It’s not easy to obtain the first overall draft pick. Unless you’re willing to give up a sultan’s ransom for it, you’re going to have to put in an awful lot of leg work to be so bad that you’re worse than everybody else in football in any given year.
And chances are, that’s not going to be a one-off, outlier year. Chances are, you’ve been bad for at least a couple of years, and you’ll be bad for a couple more years, at a minimum. One interesting ‘statistic’ that I saw recently really brings that point home.

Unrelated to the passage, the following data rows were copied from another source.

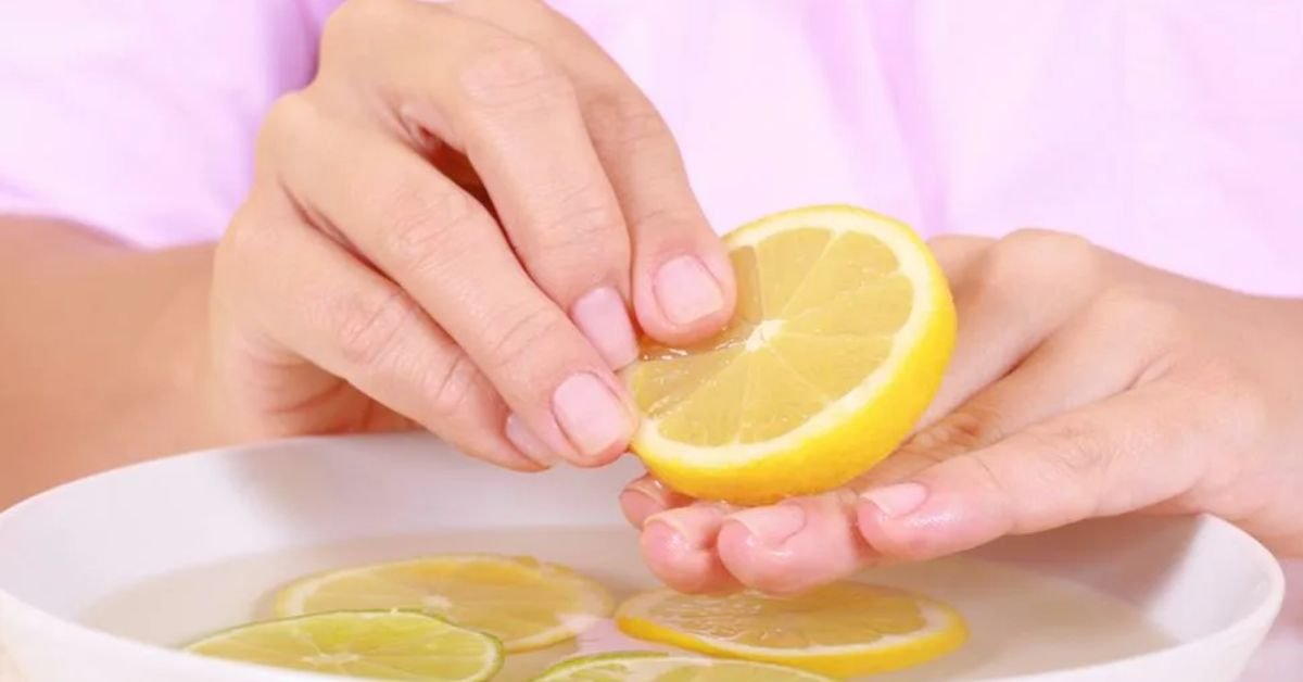Perpjaukite citriną per pusę ir 10 minučių pamirkykite pirštų galiukus minkštime. Tada abi puses suvyniokite į foliją ir laikykite šaldytuve. Šią citriną galite naudoti kiekvieną dieną savaitę. Nagus citrinų vandenyje mirkykite kas antrą dieną dvi savaites. Citrinų rūgštis naudinga odelei ir pačiam nagui.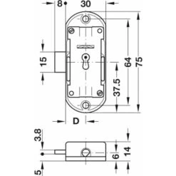 THIRARD – Serrure De Meuble En Applique Pour Porte D’ameublement, Axe 20mm, 40x50mm, Zingué, 1 Clé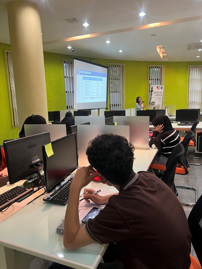 Kegiatan dilanjutkan dengan agenda utama, yaitu sesi paparan. Paparan disampaikan oleh dua pemateri: Siti Sarah Nurbaity, S.Sos (Kepala Bidang Operasional dan Layanan teknis) dan Dwina Fatimiyah Shiddiq, M.I Kom (Direktur American Corner). Dalam paparannya Siti Sarah Nurbaity, S.Sos menyampaikan hal-hal terkait layanan multikampus khususnya dalam tatacara/prosedur peminjaman mulai dari proses pemesanan koleksi cetak oleh mahasiswa melalui Webpac hingga koleksi diterima dan dikembalikan. Sementara itu, pemateri kedua, Dwina Fatimiyah Shiddiq, M.Ikom menyampaikan materi terkait cara mengakses e-library USA dan memperkenalkan konten-konten yang ada di dalamnya. Setelah sesi paparan, para peserta diberi kesempatan untuk melakukan tanya jawab.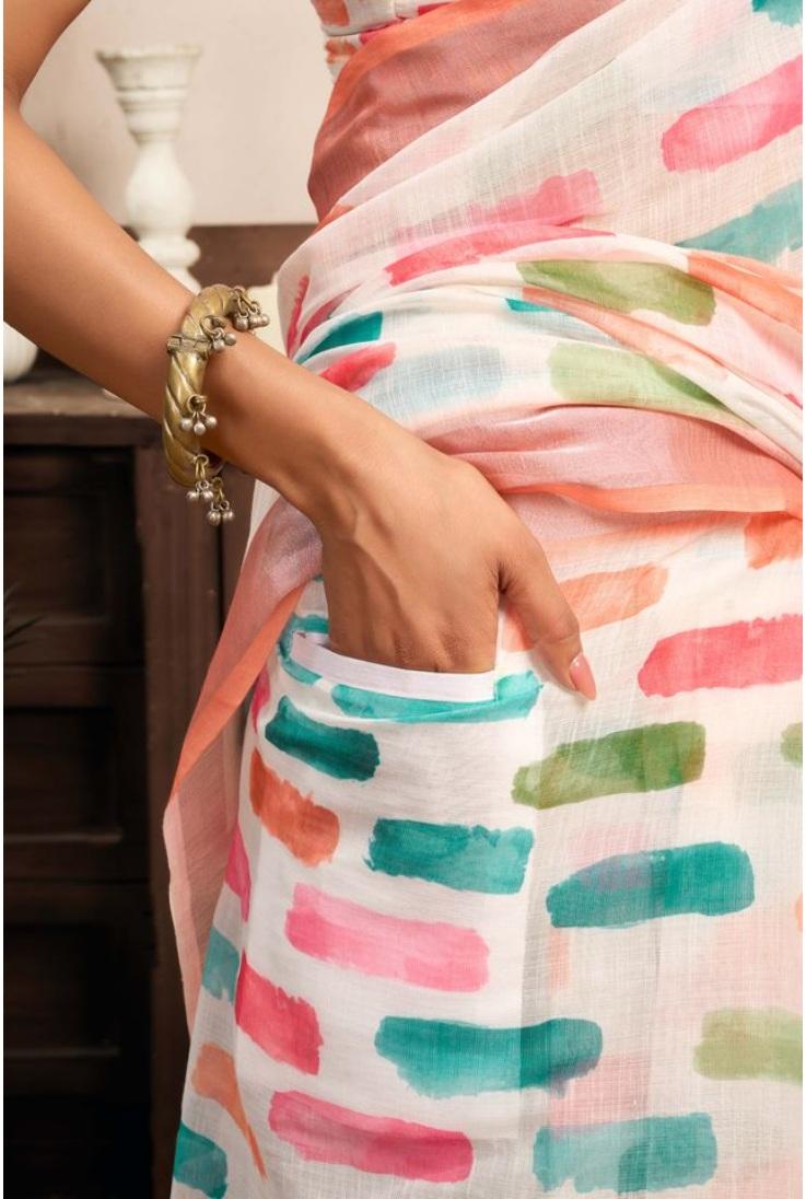 Generic Women's Linen Cotton Printed Ready To Wear With Pocket Saree With Unstitched Blouse 5.5 Mtr (Multicolor)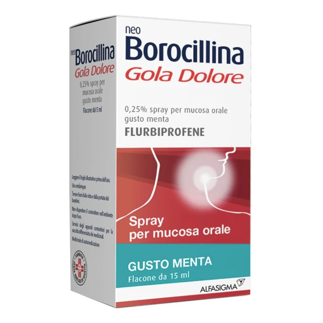 AvvertenzeAlle dosi consigliate, nell’usare il medicinale nelle sue diverse forme farmaceutiche, l’eventuale deglutizione non comporta, di per sé, alcun danno per il paziente, in quanto tali dosi sono ampiamente inferiori a quelle comunemente utilizzate nei trattamenti con il flurbiprofene per via sistemica. In pazienti con insufficienza renale, cardiaca o epatica il medicinale NEO BOROCILLINA GOLA DOLORE deve essere utilizzato con cautela. È consigliato non associare il medicinale con i FANS. L’uso, specie se prolungato, del prodotto può dare origine a fenomeni di sensibilizzazione o di irritazione locale; in tali casi occorre interrompere il trattamento e consultare il medico per istituire, se necessario, una terapia idonea. Non usare per trattamenti protratti. Dopo breve periodo di trattamento senza risultati apprezzabili consultare il medico. NEO BOROCILLINA GOLA DOLORE collutorio e NEO BOROCILLINA GOLA DOLORE spray per mucosa orale (tutte le presentazioni) contengono: - 960 mg di etanolo per 10 ml di collutorio. Può causare sensazione di bruciore sulla pelle danneggiata. - olio di ricino poliossidrato idrogenato che può causare reazioni sulla pelle localizzate. - paraidrossi benzoati che possono causare reazioni allergiche (anche ritardate). NEO BOROCILLINA GOLA DOLORE 0,25% spray per mucosa orale gusto arancia e miele e NEO BOROCILLINA GOLA DOLORE 0,25% spray per mucosa orale gusto limone e miele contengono anche il colorante giallo tramonto (E110), che può causare reazioni allergiche.NEO BOROCILLINA GOLA DOLORE 8,75 mg pastiglie (tutte le presentazioni) contiene isomalto: i pazienti affetti da rari problemi ereditari di intolleranza al fruttosio, non devono assumere questo medicinale.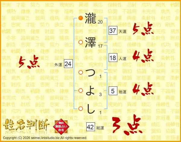 瀧(20画)澤(17画) つ(1画)よ(3画)し(1画)

Cincinnati Bengals quarterback Joe Burrow will be the first quarterback in NFL history to be drafted first overall and start in a conference finals within his first two seasons. The Bengals went 2-14 in 2019, the year before they drafted him, then went 4-11-1 during his rookie year, before finishing the 2021 season with a 10-7 record (with a loss in a meaningless finale).
The Bengals won the AFC North, and now they have two postseason victories under their belt, defeating the Las Vegas Raiders and then the top-seeded Tennessee Titans. On Sunday, they will play the second-seeded Kansas City Chiefs, who beat the Pittsburgh Steelers in round one and the Buffalo Bills—albeit just barely—in the Divisional Round.

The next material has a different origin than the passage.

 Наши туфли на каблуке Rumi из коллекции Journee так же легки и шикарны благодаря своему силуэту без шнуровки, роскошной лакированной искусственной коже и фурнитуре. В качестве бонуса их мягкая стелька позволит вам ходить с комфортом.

But back to the broader point. While there have obviously been successful first overall picks in the past, generally speaking, it takes time for their teams to develop around them into a competitive outfit. Jared Goff is the most recent first overall quarterback, drafted in 2016, to participate in a conference final (and a Super Bowl). He did do that in year three in 2018, so it’s not like it’s miles off.

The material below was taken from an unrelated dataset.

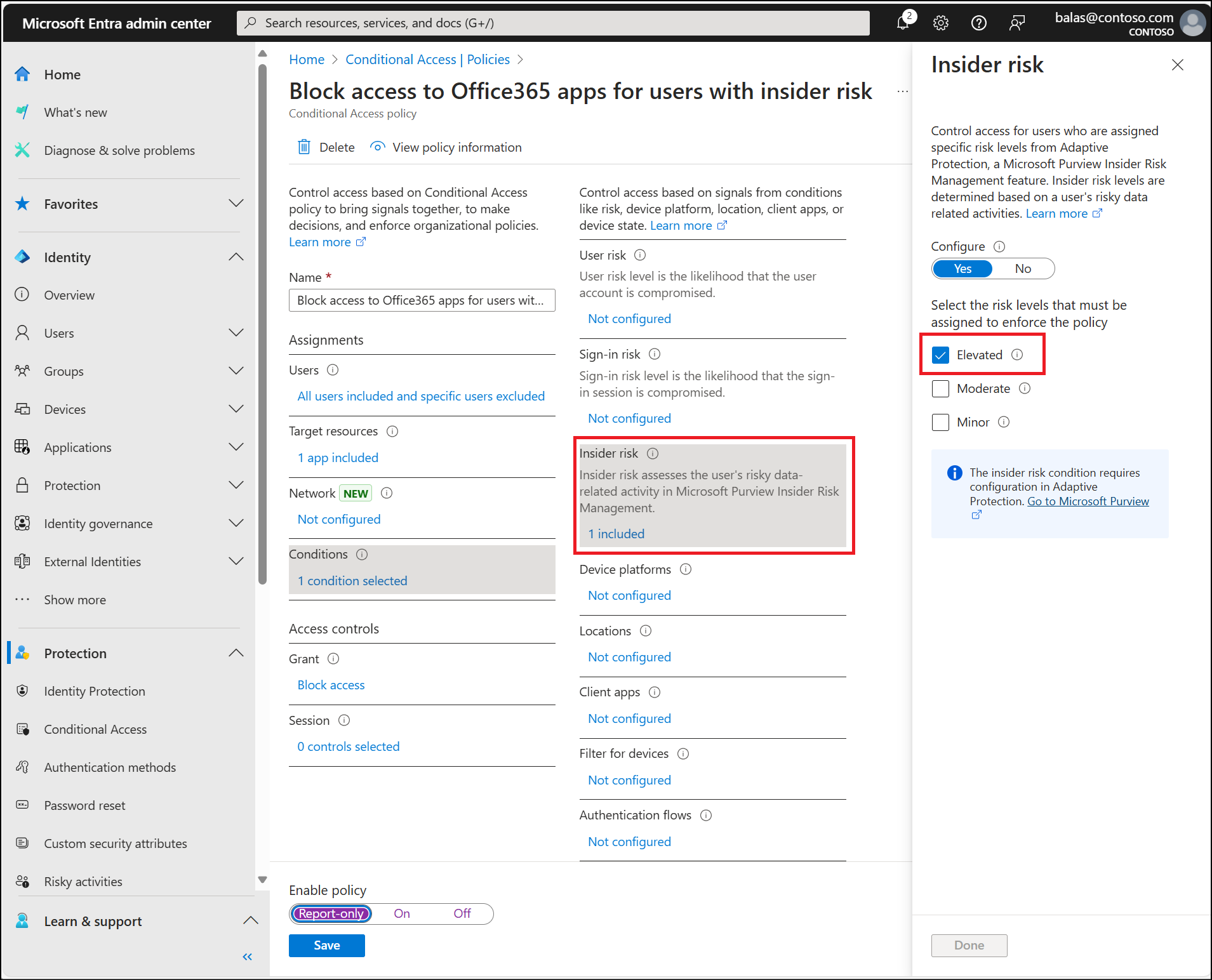 - 在 “条件>内部风险”下,将 “配置”设置为 “是”。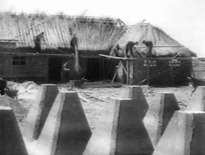 vroegere verdediging in zee te zien. Enkele foto's zijn uit de film "De dijk is dicht"

Andrew Luck also advanced to a conference finals in his third season after the Indianapolis Colts drafted him first overall in 2012. This one deserves quite a caveat, however, as this was the rare one-year exception. Their franchise quarterback, Peyton Manning, had career-threatening neck surgery. They went 10-6 the year before he missed the season and 11-5 the year after, and the next two years after that as well.
Luck was drafted onto a team built to compete with that incredibly rare outlier year. But it still took them three years to get to the conference finals, and they would miss the postseason the next three years after that.
Cam Newton is another former first overall pick who advanced to a Super Bowl, though did not win. That was in his fifth season, however, and they did not reach a conference finals prior to that (nor since). 2010 first overall pick Sam Bradford never even played in a postseason game. Matthew Stafford is about to play in his first conference finals as the 2009 first overall pick, with a new team.
2005 first overall pick Alex Smith appeared in one conference finals in 2011. Eli Manning’s first of two appearances came in year four. Michael Vick played in one during his fifth season.
Peyton is the most recent first-overall quarterback to win a Super Bowl, aside from his younger brother. And they’re the only ones to do it (as a starter), other than Troy Aikman, since Jim Plunkett, who was drafted in 1971, and Terry Bradshaw, drafted in 1970, the first quarterback drafted first overall in the common draft era.